MATERIAL FOR THIS TASK:
⁂

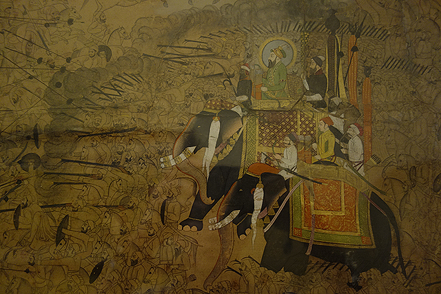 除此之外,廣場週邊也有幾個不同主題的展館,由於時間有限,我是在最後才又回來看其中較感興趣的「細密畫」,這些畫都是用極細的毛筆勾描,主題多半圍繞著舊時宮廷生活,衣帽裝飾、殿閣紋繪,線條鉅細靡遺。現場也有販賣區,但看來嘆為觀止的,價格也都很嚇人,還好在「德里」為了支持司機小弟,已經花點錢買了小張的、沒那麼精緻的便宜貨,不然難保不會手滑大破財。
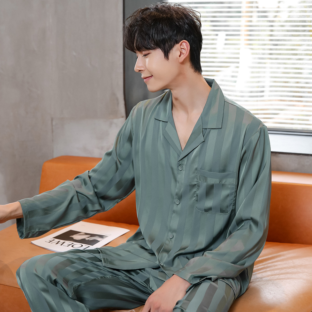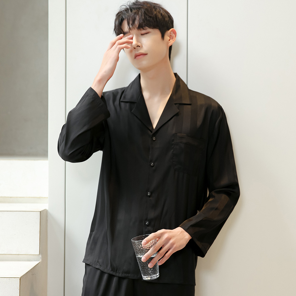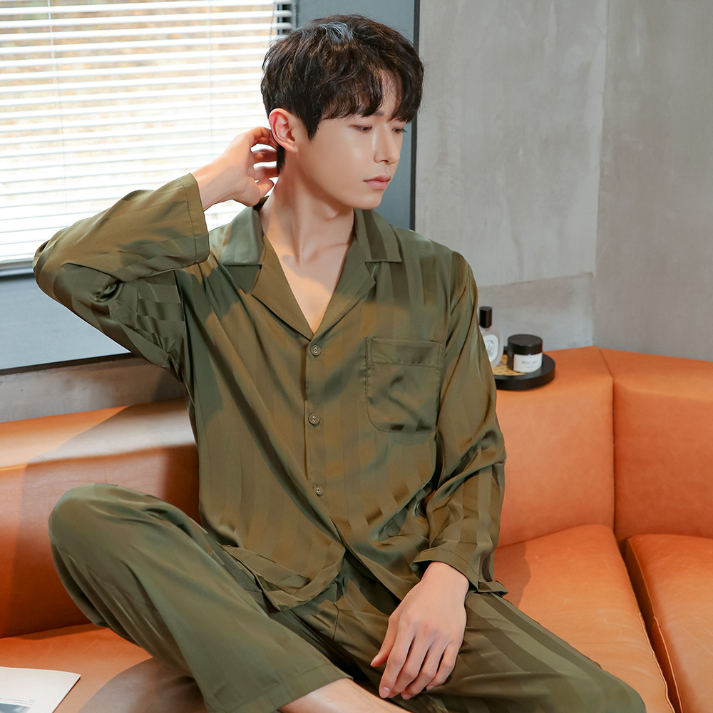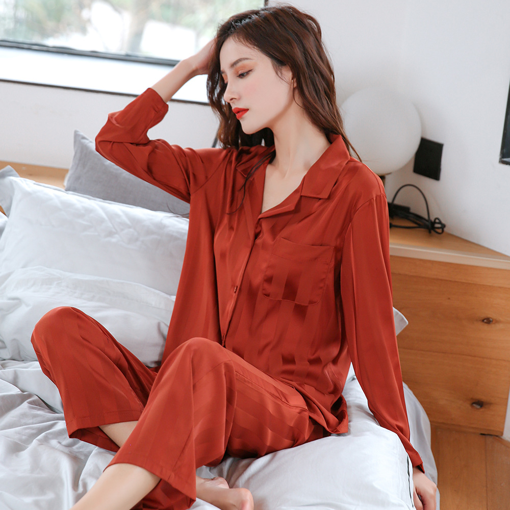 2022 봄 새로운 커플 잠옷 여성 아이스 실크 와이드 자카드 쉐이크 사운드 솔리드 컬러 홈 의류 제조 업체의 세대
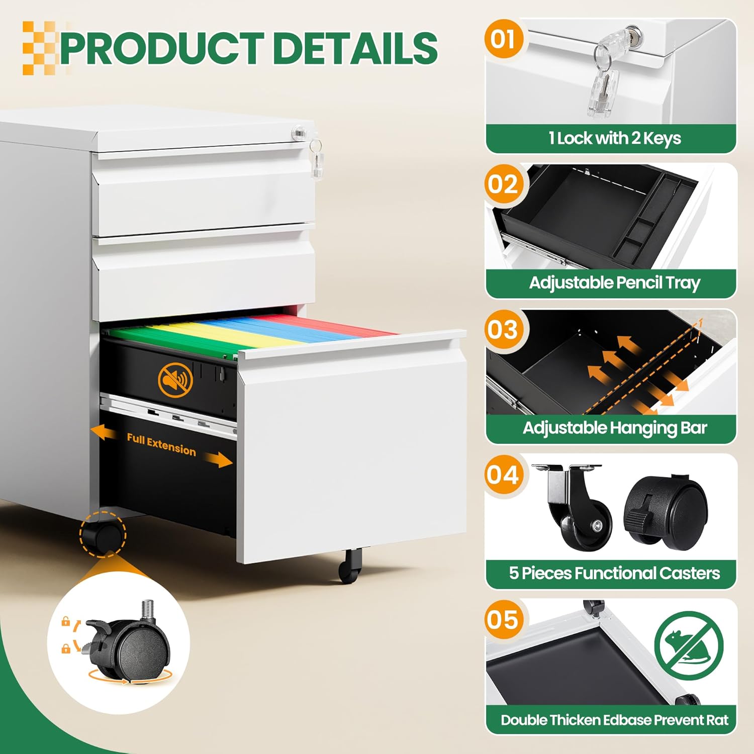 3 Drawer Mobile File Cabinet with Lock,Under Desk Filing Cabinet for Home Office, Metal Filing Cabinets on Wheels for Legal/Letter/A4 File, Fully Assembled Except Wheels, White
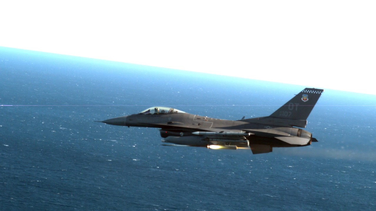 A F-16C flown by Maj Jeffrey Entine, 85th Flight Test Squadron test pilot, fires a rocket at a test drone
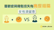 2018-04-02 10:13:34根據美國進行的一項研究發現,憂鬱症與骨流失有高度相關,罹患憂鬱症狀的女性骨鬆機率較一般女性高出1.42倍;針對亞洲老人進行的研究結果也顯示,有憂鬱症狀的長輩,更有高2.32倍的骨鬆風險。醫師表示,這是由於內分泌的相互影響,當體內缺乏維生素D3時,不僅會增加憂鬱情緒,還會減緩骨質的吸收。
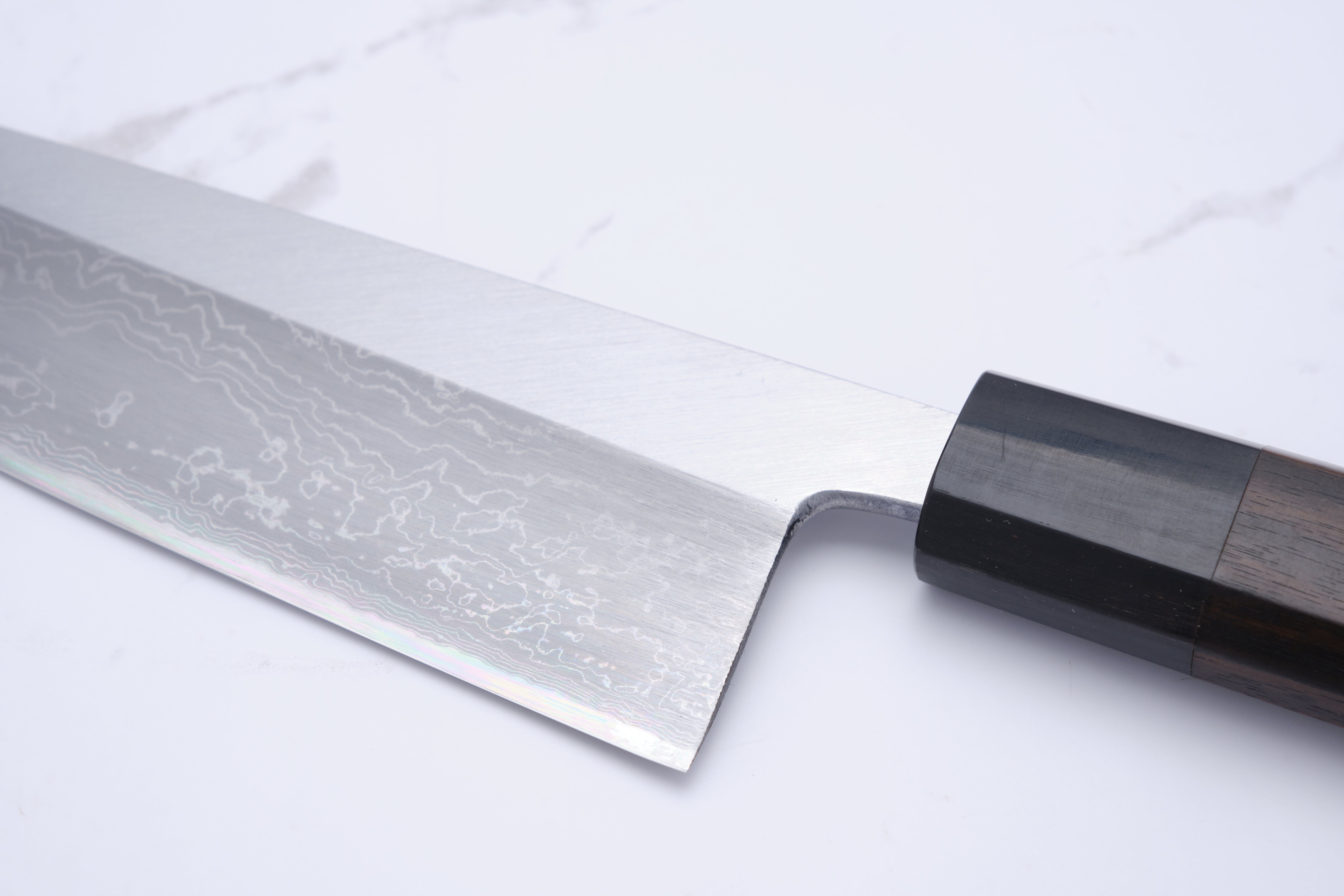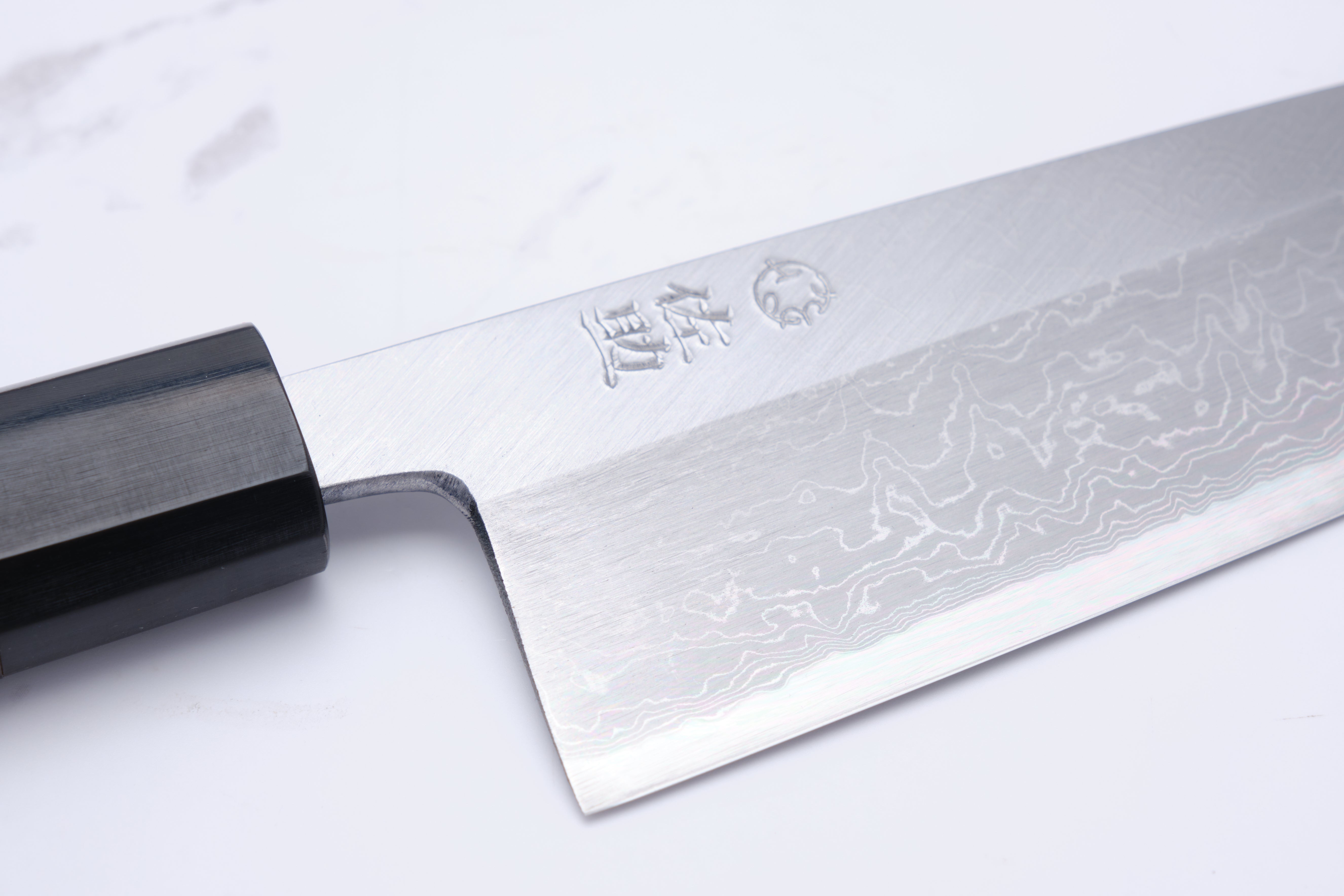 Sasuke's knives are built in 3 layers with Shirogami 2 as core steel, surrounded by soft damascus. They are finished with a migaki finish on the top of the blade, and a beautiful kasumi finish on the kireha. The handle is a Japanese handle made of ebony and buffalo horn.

⁂

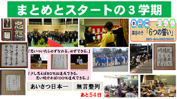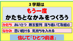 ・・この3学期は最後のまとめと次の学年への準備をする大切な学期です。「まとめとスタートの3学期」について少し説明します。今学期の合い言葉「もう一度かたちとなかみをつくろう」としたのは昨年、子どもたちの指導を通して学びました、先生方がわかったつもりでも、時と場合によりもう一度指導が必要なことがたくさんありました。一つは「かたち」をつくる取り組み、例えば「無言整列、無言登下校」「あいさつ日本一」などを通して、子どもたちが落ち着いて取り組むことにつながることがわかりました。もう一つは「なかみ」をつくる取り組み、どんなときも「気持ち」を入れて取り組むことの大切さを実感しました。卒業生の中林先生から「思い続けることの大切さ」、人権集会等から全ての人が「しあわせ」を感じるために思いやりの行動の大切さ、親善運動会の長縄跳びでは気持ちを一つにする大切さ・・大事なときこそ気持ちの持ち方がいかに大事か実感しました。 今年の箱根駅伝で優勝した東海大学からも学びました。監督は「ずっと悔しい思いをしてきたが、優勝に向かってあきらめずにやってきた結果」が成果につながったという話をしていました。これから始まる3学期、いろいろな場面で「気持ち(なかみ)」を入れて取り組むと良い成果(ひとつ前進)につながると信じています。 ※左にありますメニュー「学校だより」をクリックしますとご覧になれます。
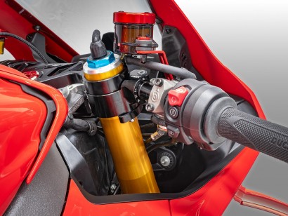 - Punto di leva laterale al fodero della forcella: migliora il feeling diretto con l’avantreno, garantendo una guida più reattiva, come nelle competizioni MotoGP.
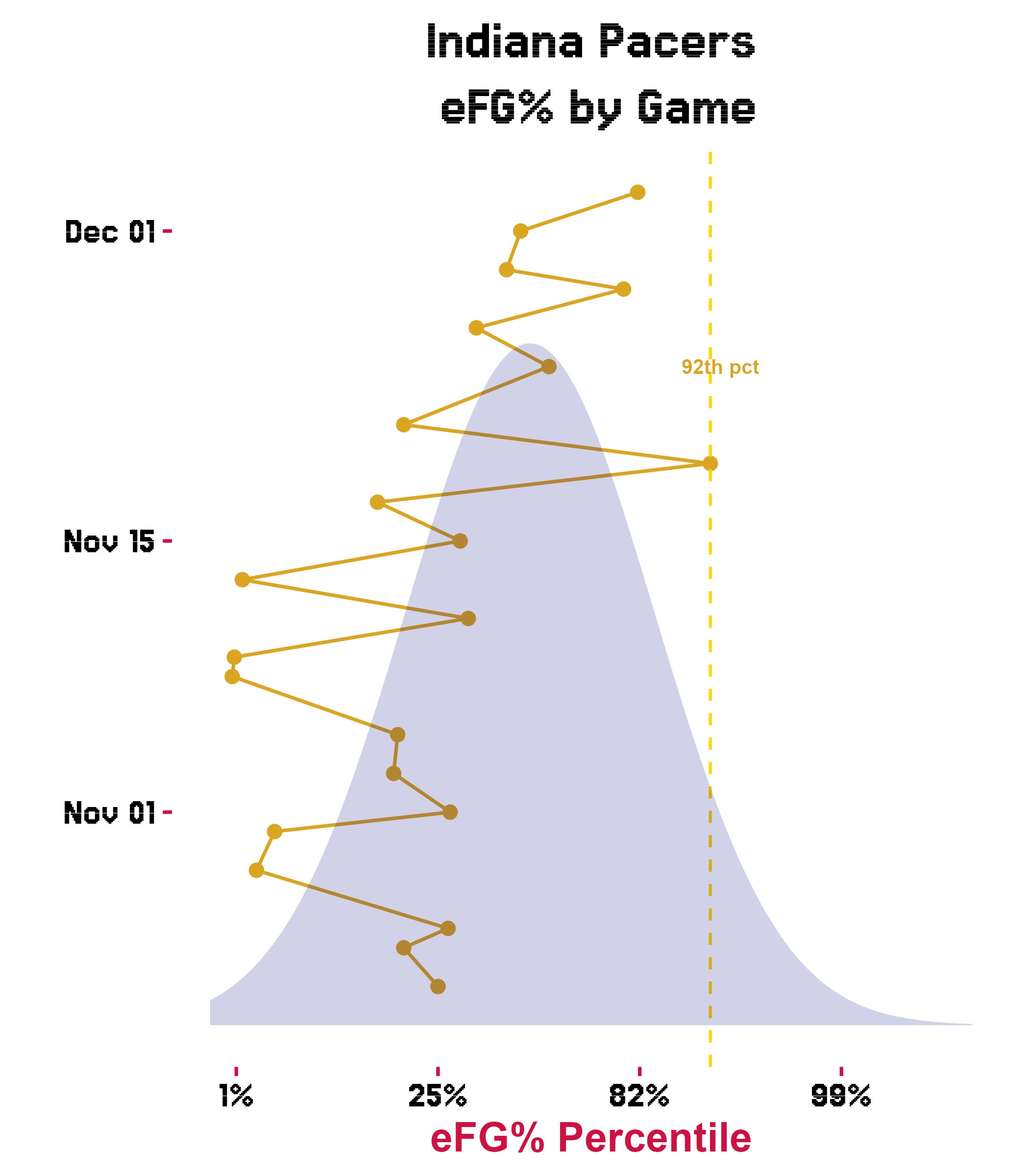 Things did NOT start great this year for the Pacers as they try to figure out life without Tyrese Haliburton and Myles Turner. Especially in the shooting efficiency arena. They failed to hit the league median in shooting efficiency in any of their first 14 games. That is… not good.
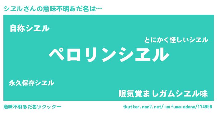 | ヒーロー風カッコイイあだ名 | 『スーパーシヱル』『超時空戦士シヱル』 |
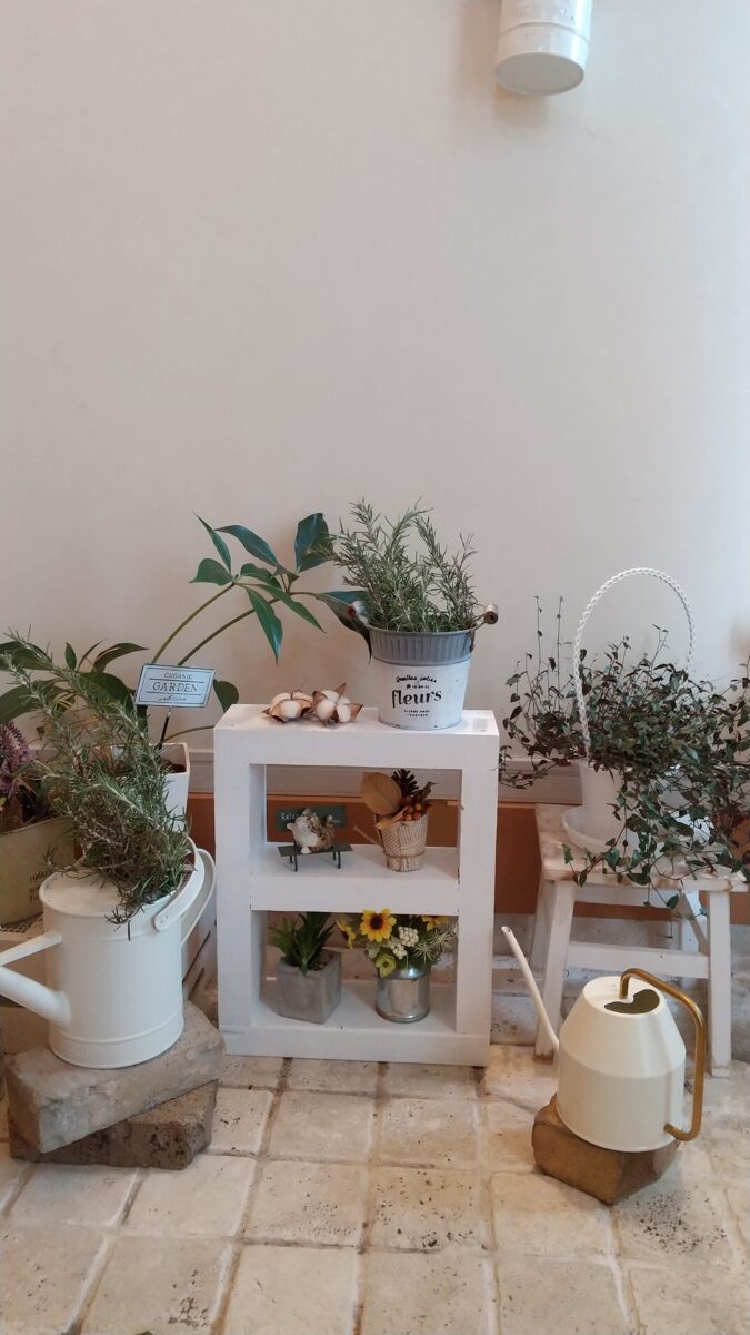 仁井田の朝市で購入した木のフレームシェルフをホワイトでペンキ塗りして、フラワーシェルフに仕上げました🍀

⁂

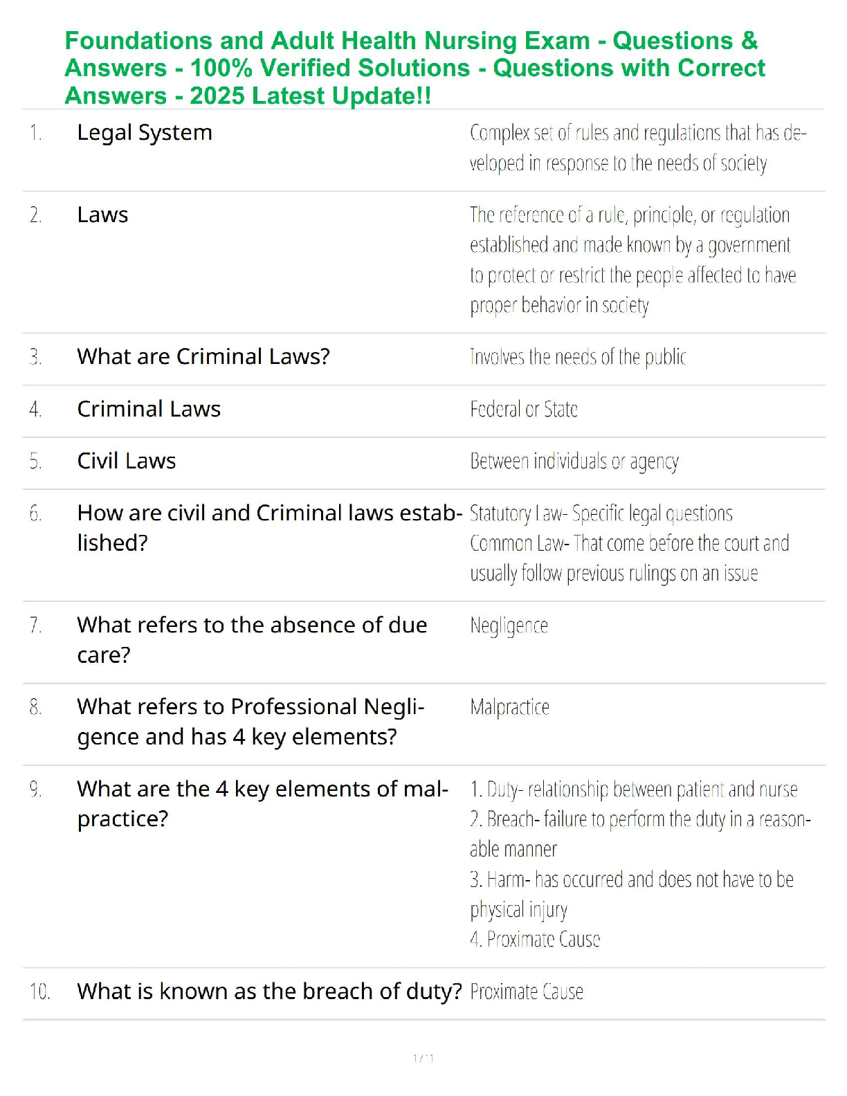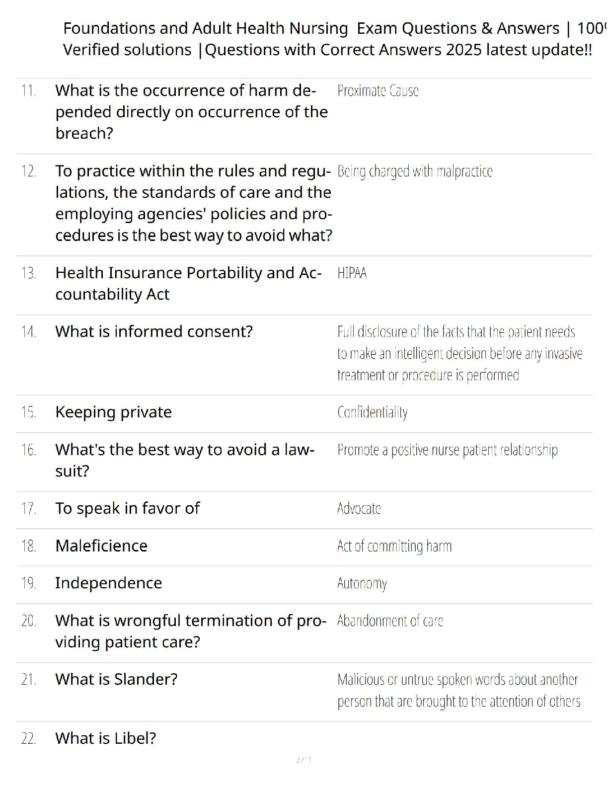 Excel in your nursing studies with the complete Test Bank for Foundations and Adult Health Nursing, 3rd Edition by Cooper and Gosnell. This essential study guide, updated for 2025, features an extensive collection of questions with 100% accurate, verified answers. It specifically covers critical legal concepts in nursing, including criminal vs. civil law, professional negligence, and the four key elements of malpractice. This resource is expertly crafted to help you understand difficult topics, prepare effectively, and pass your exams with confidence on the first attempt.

⁂

TRY IT: Though the entries above contain pictures, none should be copied; reproduce only the lines between the one holding "除此之外,廣場週邊也有幾個不" and the one holding "Sasuke's knives are", inclusive, exactly as written.

ANSWER SPACE:
 除此之外,廣場週邊也有幾個不同主題的展館,由於時間有限,我是在最後才又回來看其中較感興趣的「細密畫」,這些畫都是用極細的毛筆勾描,主題多半圍繞著舊時宮廷生活,衣帽裝飾、殿閣紋繪,線條鉅細靡遺。現場也有販賣區,但看來嘆為觀止的,價格也都很嚇人,還好在「德里」為了支持司機小弟,已經花點錢買了小張的、沒那麼精緻的便宜貨,不然難保不會手滑大破財。
 2022 봄 새로운 커플 잠옷 여성 아이스 실크 와이드 자카드 쉐이크 사운드 솔리드 컬러 홈 의류 제조 업체의 세대
 3 Drawer Mobile File Cabinet with Lock,Under Desk Filing Cabinet for Home Office, Metal Filing Cabinets on Wheels for Legal/Letter/A4 File, Fully Assembled Except Wheels, White
 A F-16C flown by Maj Jeffrey Entine, 85th Flight Test Squadron test pilot, fires a rocket at a test drone
 2018-04-02 10:13:34根據美國進行的一項研究發現,憂鬱症與骨流失有高度相關,罹患憂鬱症狀的女性骨鬆機率較一般女性高出1.42倍;針對亞洲老人進行的研究結果也顯示,有憂鬱症狀的長輩,更有高2.32倍的骨鬆風險。醫師表示,這是由於內分泌的相互影響,當體內缺乏維生素D3時,不僅會增加憂鬱情緒,還會減緩骨質的吸收。
 Sasuke's knives are built in 3 layers with Shirogami 2 as core steel, surrounded by soft damascus. They are finished with a migaki finish on the top of the blade, and a beautiful kasumi finish on the kireha. The handle is a Japanese handle made of ebony and buffalo horn.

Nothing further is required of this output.